§ **DIRECTIONS FOR THIS TASK**
All of the listing is to be written out word for word, with the pictures left out.

§ **DATA BLOCK**
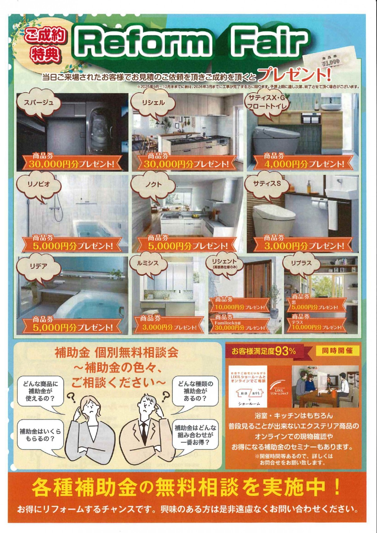 「住宅省エネ2025キャンペーン」の各種補助金事業のご相談もご一緒に伺っておりますので、リフォームをご検討中の方は是非このイベントをご活用ください♪
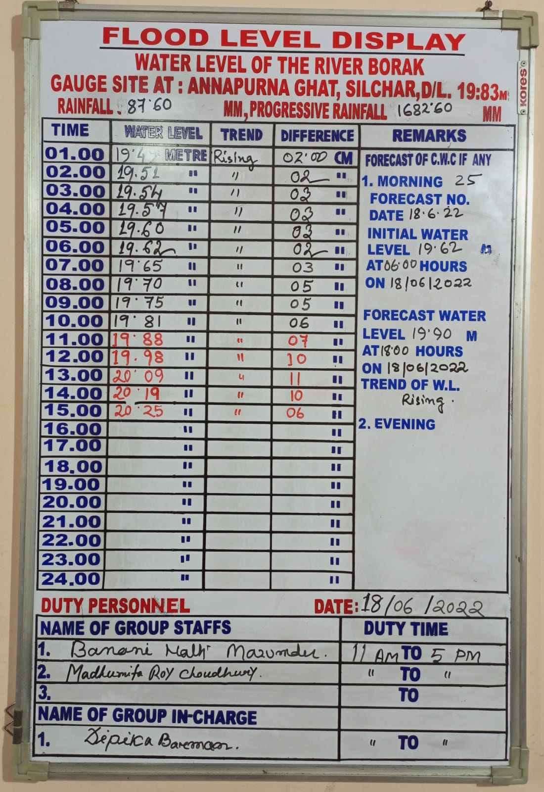 ওয়েটুবরাক, ১৮ জুন : দশ-এগারো সেমি করে বাড়ার পর বেলা দুইটা থেকে তিনটার মধ্যে জলস্তর বৃদ্ধির প্রবণতা কিছুটা কমেছে৷ শেষ ঘণ্টায় জল বেড়েছে ৬ সেমি৷ তাতে অন্নপূর্ণা ঘাটে জল বেড়ে দাঁড়িয়েছে ২০.২৫ মিটারে৷ শহরের চারদিকে এখন জল আর জল৷ বহু এলাকায় বাড়িঘরে জল ঢুকে পড়েছে৷ স্লুইস গেট বন্ধ থাকায় বাড়ছে জমা জল৷ উদ্বেগ-আতঙ্কে বরাক উপত্যকার মানুষ৷
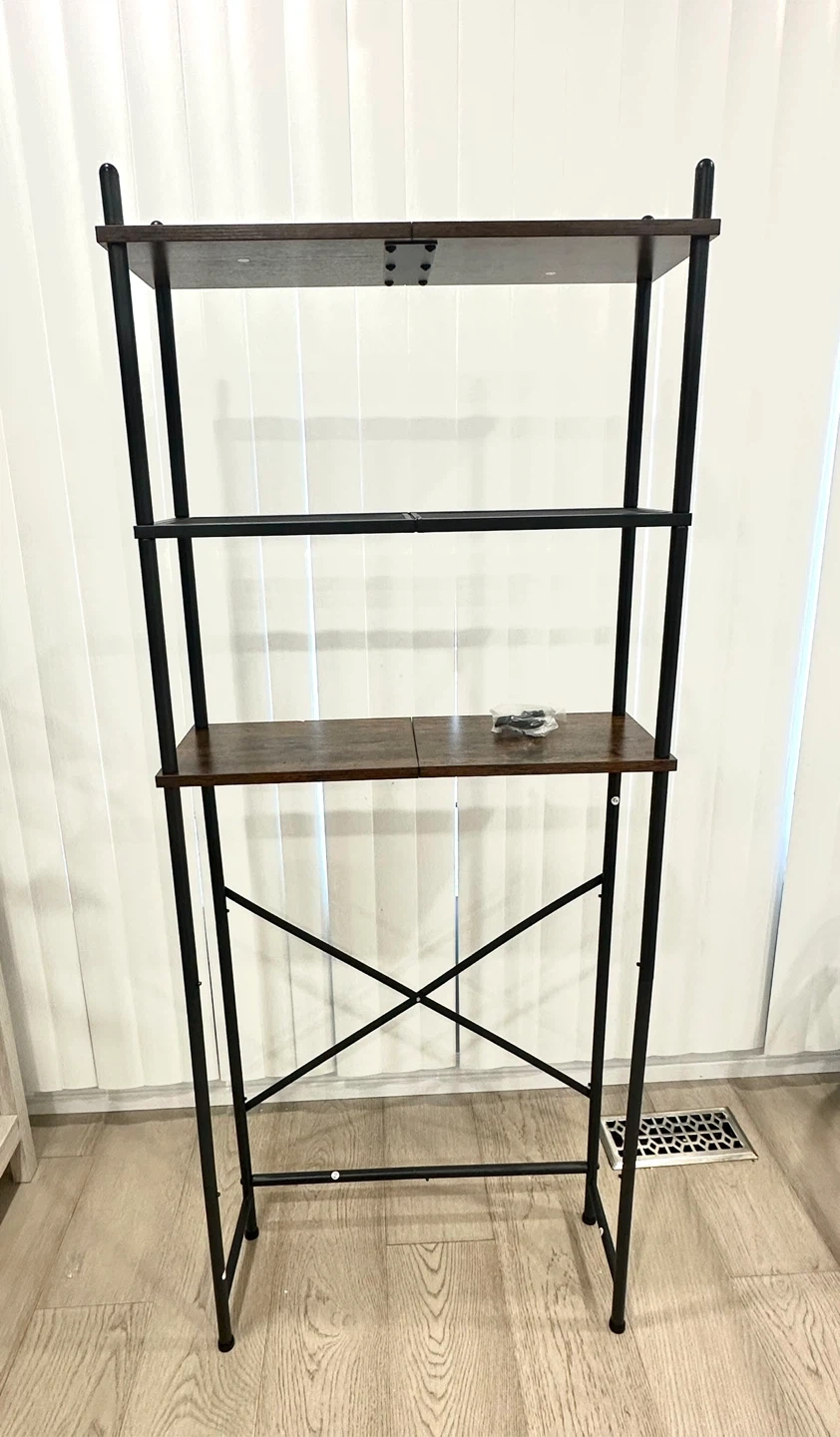 Selling an over-the-toilet storage shelf! It's a great way to add some extra storage to your bathroom, especially if you're short on space. The shelf has a brown wood finish and a black metal frame, giving it a modern look that would fit in well with most decor. It's in great condition and ready to use!

§ **SOLVED PROBLEM**
 「住宅省エネ2025キャンペーン」の各種補助金事業のご相談もご一緒に伺っておりますので、リフォームをご検討中の方は是非このイベントをご活用ください♪
 ওয়েটুবরাক, ১৮ জুন : দশ-এগারো সেমি করে বাড়ার পর বেলা দুইটা থেকে তিনটার মধ্যে জলস্তর বৃদ্ধির প্রবণতা কিছুটা কমেছে৷ শেষ ঘণ্টায় জল বেড়েছে ৬ সেমি৷ তাতে অন্নপূর্ণা ঘাটে জল বেড়ে দাঁড়িয়েছে ২০.২৫ মিটারে৷ শহরের চারদিকে এখন জল আর জল৷ বহু এলাকায় বাড়িঘরে জল ঢুকে পড়েছে৷ স্লুইস গেট বন্ধ থাকায় বাড়ছে জমা জল৷ উদ্বেগ-আতঙ্কে বরাক উপত্যকার মানুষ৷
 Selling an over-the-toilet storage shelf! It's a great way to add some extra storage to your bathroom, especially if you're short on space. The shelf has a brown wood finish and a black metal frame, giving it a modern look that would fit in well with most decor. It's in great condition and ready to use!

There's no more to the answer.